During his speech, it was clear he was connecting better than those before or after him. “Like President Trump, I support legal immigration, not illegal immigration,” the son of migrant field workers said. Lopez said he would work with the president on ending so-called sanctuary cities. He pitched himself as a “different” Republican candidate in a state that has only elected one Republican governor in the past 43 years. “Are we going to stand and let our great state become the ugly twin sister of California?” he bellowed. “Noooo!”

He said he was pro-life and pro-Second Amendment, and would “die on the sword” to protect the state’s Taxpayer’s Bill of Rights. He spoke of his humble beginnings, which he said would appeal to unaffiliated voters. “The values of the Hispanic community are conservative. I know how to communicate, engage with, and win the Hispanic vote. I am one of them.
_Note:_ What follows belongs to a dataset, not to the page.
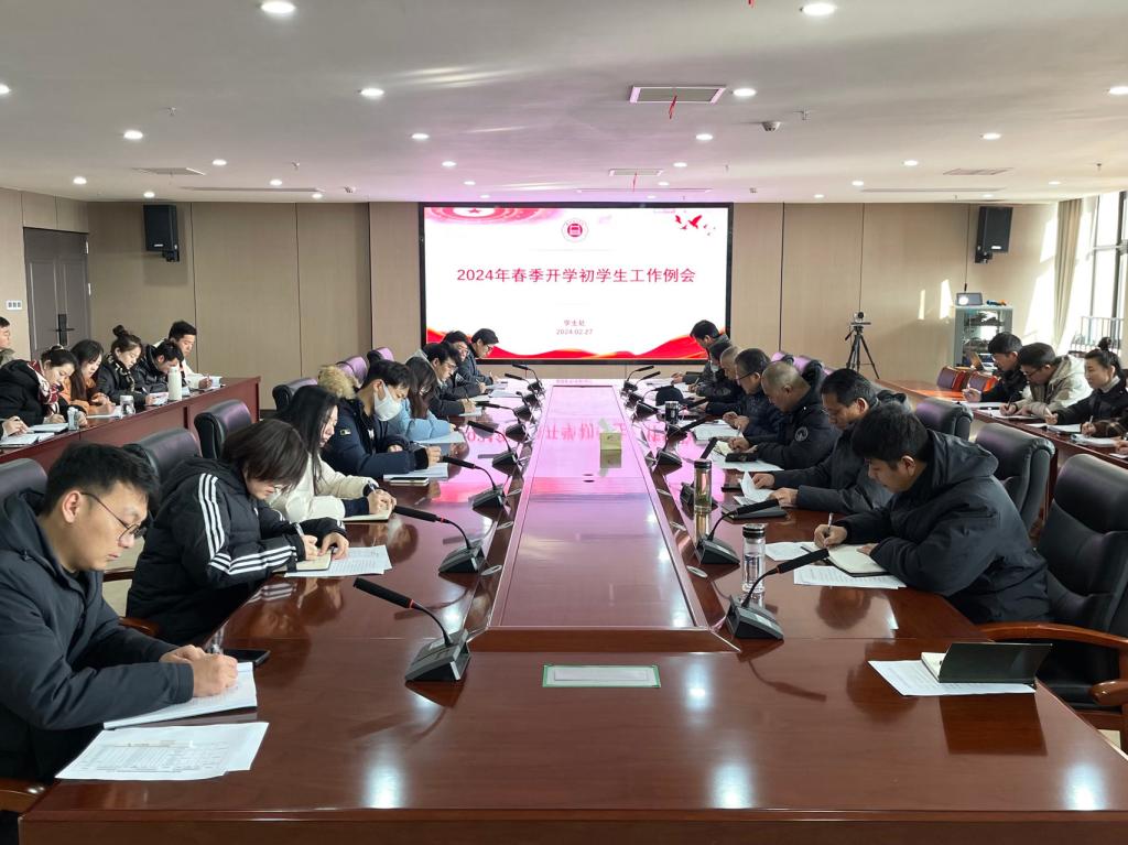 2月27日上午,诸侯快讯在行政楼814会议室召开2024年春季开学初学生工作例会,党委书记朱德顺,副校长郑来纪,学生处(团委)、后勤保卫处负责人,各二级学院党总支副书记、书记助理及全体辅导员参加会议。会议由朱德顺主持。

Unaffiliated voters, they want a strong leader.”

He got the crowd to shout with him “United we win, divided we lose,” twice.

As Lopez made his way through the crowd following the vote, a woman came up to him with a flyer in her hand, something that was circulating through the crowd of delegates. 

Earlier in his campaign, Lopez had released a video with his wife about the incident, which took place in the 1990s. He told the woman, Brenda Fisher of Arvada, that he wasn’t running from it. “I made a mistake and I’ve learned from it,” he told her.

Fisher said she voted for him because she saw him come through her area for a meet-and-greet. “I already kind of knew, but when I heard him and I heard all the other candidates …. When he was up there I just got the chills.”  

Others, too, mobbed Lopez to laud him for the stemwinder.

“Goddam helluva speech,” one man told him, gripping his hand. “I did not know who you were until I walked into this room,” said another who came from Carbondale and sported a Rocky Mountain Gun Owners ball cap and pin. “You did great up there,” another told Lopez. “You did fantastic up there. Anyway, God bless.”

Lopez repeated his campaign slogan to them as he shook hands. “It’s not about me, it’s about all of us,” he said.

Lopez, who as of March had raised only around $23,000, with about $13,000 of it coming out of his own pocket, now faces a candidate who had raised nearly a million dollars by then and is also benefitting from a big bucks Super-PAC style group with money loaded in from the likes of Pete Coors and John Elway.

In a brief interview, Lopez said his grassroots, press-the-flesh campaign style— he traveled all over the state meeting groups since last fall— won’t change. “We stay on track, we keep delivering our same message, we keep doing the same hard work that we are doing and I am very confident that people will stand behind me,” he said.

Lopez said he doesn’t have any big policy differences with Stapleton.

Across the convention floor, Stapleton said based on the week he had he would have been happy with 30.1 percent of the vote, just enough to squeak by. “Tomorrow is my birthday, I’m going to spend the majority of the day in pajamas, and then we’ll get up on Monday and we’ll get ready to go.”

Stapleton had been nominated at the convention by Tom Tancredo, the former congressman, far-right folk hero, and immigration firebrand who was briefly a candidate for governor here this year himself. Tancredo talked of the “left-wing loonies” and “nutjobs” who would be fleeing for “safe spaces” if Republicans took the governor’s mansion.

Earlier in the day, when Coffman was given a few minutes to speak from the stage to delegates in her role as attorney general, she used part of her time to tear into Stapleton for a DUI he got in the 1990s and for his petition-fraud scandal. When she heard some boos, she told the crowd to look into it. “Because you should think about what we are saying as Republicans if we nominate them to the state’s highest office,” she said. 

Stapleton said he does not worry the scandal will follow him to the June 26 ballot that could also include retired investment banker Doug Robinson, whose campaign unearthed his petition problems, and Victor Mitchell, a former lawmaker and businessman who is prone to smack-talk.

As for Coffman, who wasn’t available in the hour after the votes came in, she “thanks the many Coloradans who she met these many months” and “takes their stories with her and thanks them for their support,” said a spokesman.